Scontro tra Renzi e Monti sull'Europa e Brunetta fa ironia su Twitter con l'hashtag #quandodicesfiga
Scontro tra il premier Matteo Renzi e l'ex capo del Governo, Mario Monti, in Senato, alla vigilia del Consiglio europeo in programma a Bruxelles. Se il primo, nel corso della consueta informativa che precede tutti i vertici, è tornato a criticare duramente i partner europei, il secondo ha ribattuto che "c'è evidenza dei primi effetti negativi" di questa campagna lanciata da Roma all'indirizzo di Bruxelles e di Berlino ormai dall'ottobre scorso.
"Lei rischia di far fare passi indietro all'Europa", ha detto Monti prendendo la parola al termine del discorso. E ha accusato: "Lei non manca occasione per denigrare le modalità concrete di esistenza dell'Unione europea. Questo - ha aggiunto - sta introducendo negli italiani, soprattutto quelli che sentono il suo fascino e tendono a seguirla, una pericolosissima alienazione rispetto all'Europa".

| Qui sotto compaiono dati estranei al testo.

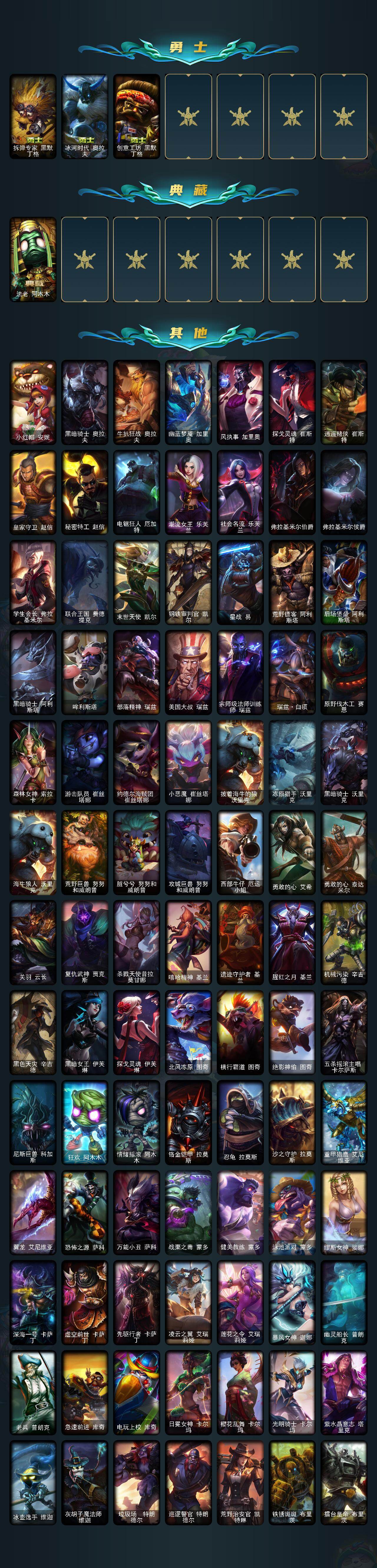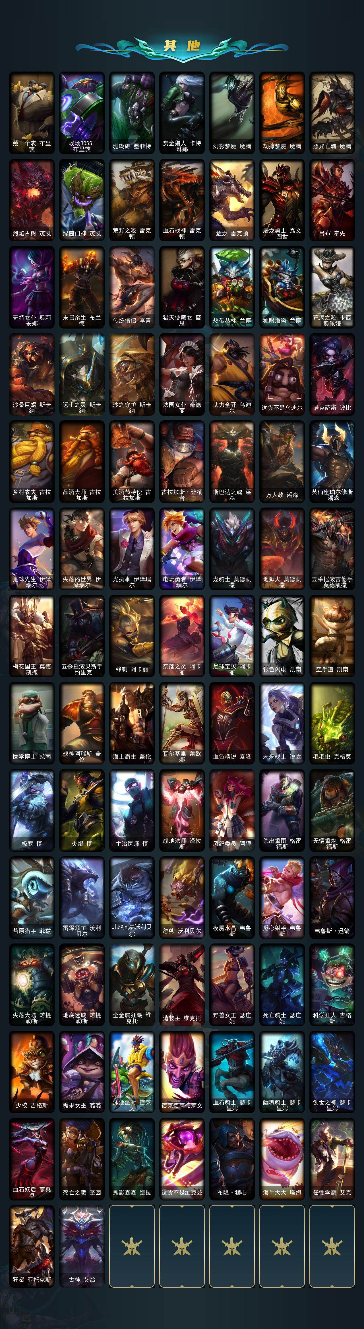【限定皮肤】:哥特萝莉安妮,钢铁军团拉克丝,诺斯费拉图弗拉基米尔,冠军典狱长锤石,冠军之血希瓦娜,冠军之矛卡莉丝塔,Fnatic古拉加斯,Fnatic卡尔萨斯,暗杀星奥莉安娜,暗杀星蒙多,暗杀星努努和威朗普,暗杀星慎,暗杀星伊泽瑞尔,SKTT1贾克斯,SKTT1劫,SSW辛吉德,SSW雷恩加尔,SKTT1阿利斯塔,SKTT1阿兹尔,SKTT1卡莉丝塔,SKTT1雷克顿,SKTT1瑞兹,SKTT1伊莉丝,勇敢的心德莱厄斯,电玩女神厄运小姐,电玩勇者锐雯,电玩女神阿狸,星之守护者伊泽瑞尔,胜利之树茂凯,胜利枪神格雷福斯,胜利女神奥莉安娜,胜利之王泰达米尔,胜利女神菲奥娜,海贼瑞兹,南瓜头费德提克,鬼影重重魔腾,鬼影森森茂凯,泳池派对格雷福斯,泳池派对雷克顿,泳池派对李青,机械迷城加里奥,蓝色忧郁崔斯特,蒙多蒙多,密林猎手提莫,女猎手希维尔,外星装甲库奇,暗影沃里克,波比的巧克力工坊,勇者阿狸,电玩战魂赫卡里姆,都铎王朝图奇,钢铁之翼艾尼维亚,红桃杰克崔斯特,征服者卡尔玛,防暴士兵格雷福斯,防暴士兵辛吉德,防暴天使凯尔,惊悚派对阿木木,惊悚派对费德提克,警用试作体K9内瑟斯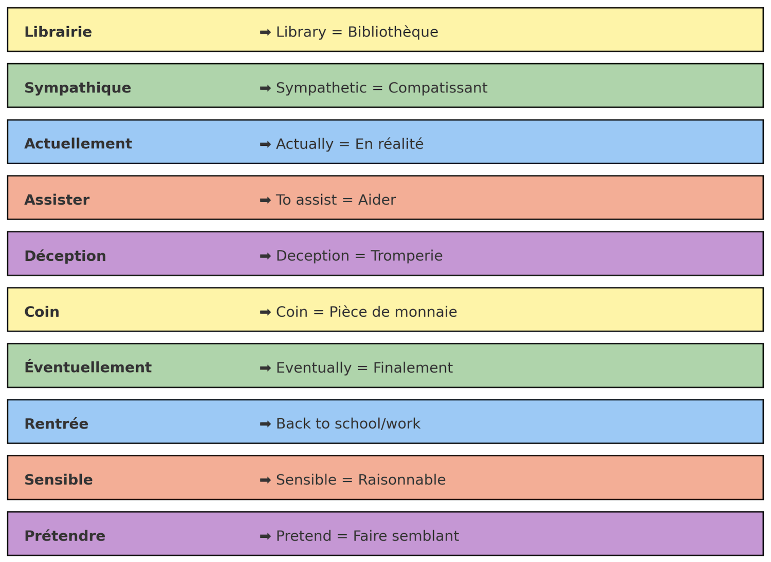 Dans cet article, nous allons découvrir quelques-uns des faux amis les plus célèbres, comprendre leurs véritables significations et éviter les erreurs de traduction les plus courantes.

Secca la risposta di Renzi: "Le procedure di infrazione quando lei ha lasciato erano 104, oggi sono 91 e sono in diminuzione. Siamo al record minimo. Nel febbraio 2014 erano 114. Il deficit era al 3,9% del Pil, adesso al 2,4%. È il deficit più basso che la repubblica abbia mai avuto. Sul rispetto delle regole non accetto lezioni". "Nel 2015 - ha aggiunto - il livello di recupero dell'evasione ha toccato i 14,8 miliardi di euro. È il record storico mai fatto in Italia".
Uno scontro che si conclude con il tweet ironico di Renato Brunetta, capogruppo di Forza Italia alla Camera: "Brutta giornata per Matteo Renzi oggi tra rinvio Cirinnà, litigio con Monti e fuga da Montecitorio e lancia l'hashtag #quandodicesfiga".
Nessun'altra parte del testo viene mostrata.